Cova da Moura mantém até hoje, segundo lê-se no ensaio, uma condição liminar de bairro precário, em situação fundiária, urbanística e habitacional irregular e excluído de Lisboa. A prática do Kola San Jon, que surge em meio a atos de coação no bairro, resistiu e tornou-se num manifestação de afirmação e de conquista da cidade.
“O Kola San Jon em Cova da Moura é uma prática de resistência numa cidade que ameaça tornar-se cada vez mais dual, desigual e excludente. No caso do kola é fortíssimo observar como tal reivindicação emana da própria força emergente da ‘brincadeira’ que interpela e desafia os presentes, estabelecendo uma dinâmica igualitária”, constata Júlia Carolino.
O Kola San Jon não se sucumbiu à exclusão do bairro e procurou, ainda, superar preconceitos sócio-raciais, através da sinergia cultural. A ligação do bairro e dos seus habitantes com a metrópole lisboeta, como descreve Alcides Lopes, é íntima e múltipla, mas o direito à cidade ainda “não é absoluto”.
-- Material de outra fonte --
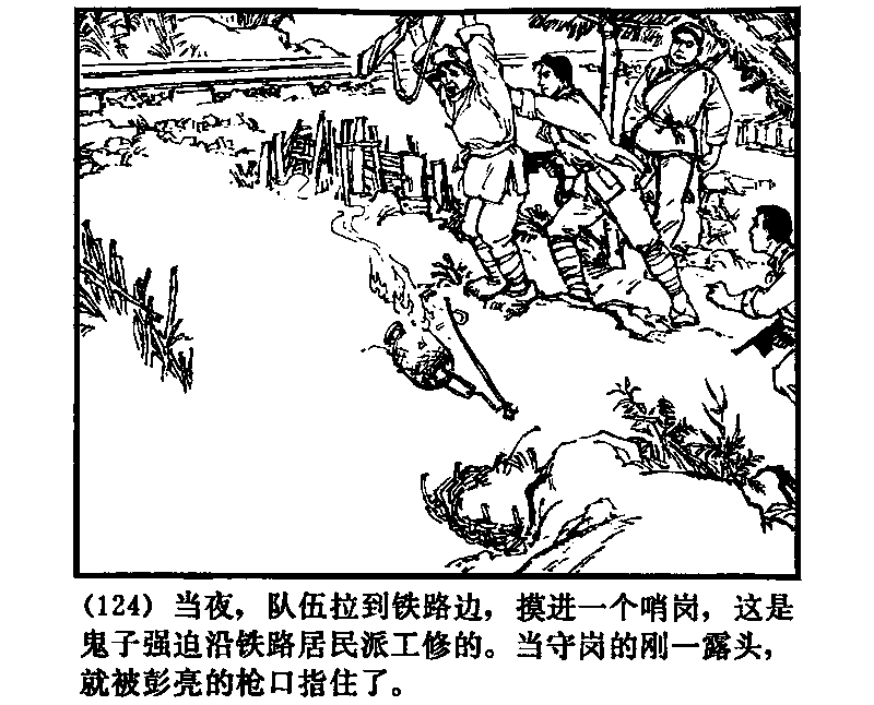 その夜、隊員たちは線路の脇にあつまり、一人の見張りにしのびよった。これは鬼子に強制されて修理にきた沿線の住民だった。見張りは姿をみせるやいなや、彭亮に銃口をつきつけられた。
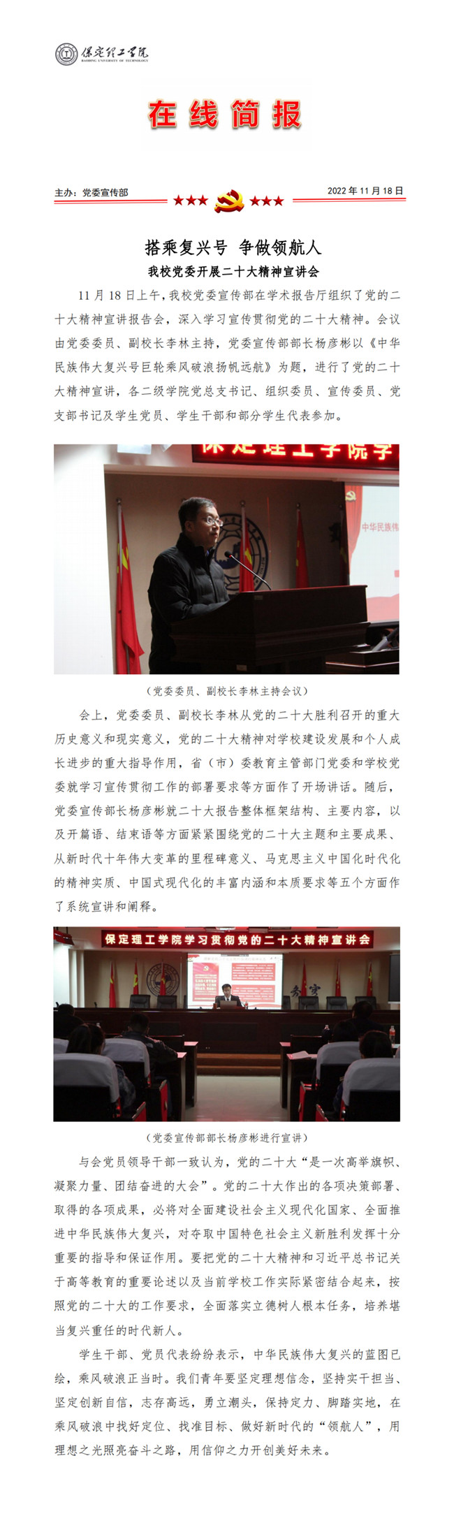 文章导读:为深入学习贯彻党的二十大精神,认真落实中央、省部委以及教育主管部门部署要求。12月4日下午,中共AC米兰中文官方网站委员会组织召开学习贯彻党的二十大精神线上宣讲会,党委书记王景明以《全面学习党的二十大精神推动保定理......

O Ensaio “Formas Resilientes da Tradição na Diáspora Africana em Lisboa: Kola San Jon e o direito à cidade” é fruto de uma pesquisa etnográfica realizada entre 2011 e 2018 nas festividades de Kola San Jon em Cova da Moura.
Alcides Lopes, inclusive, possui uma tese de doutoramento sobre o assunto, disponível no repositório Científico da Universidade Federal de Pernambuco.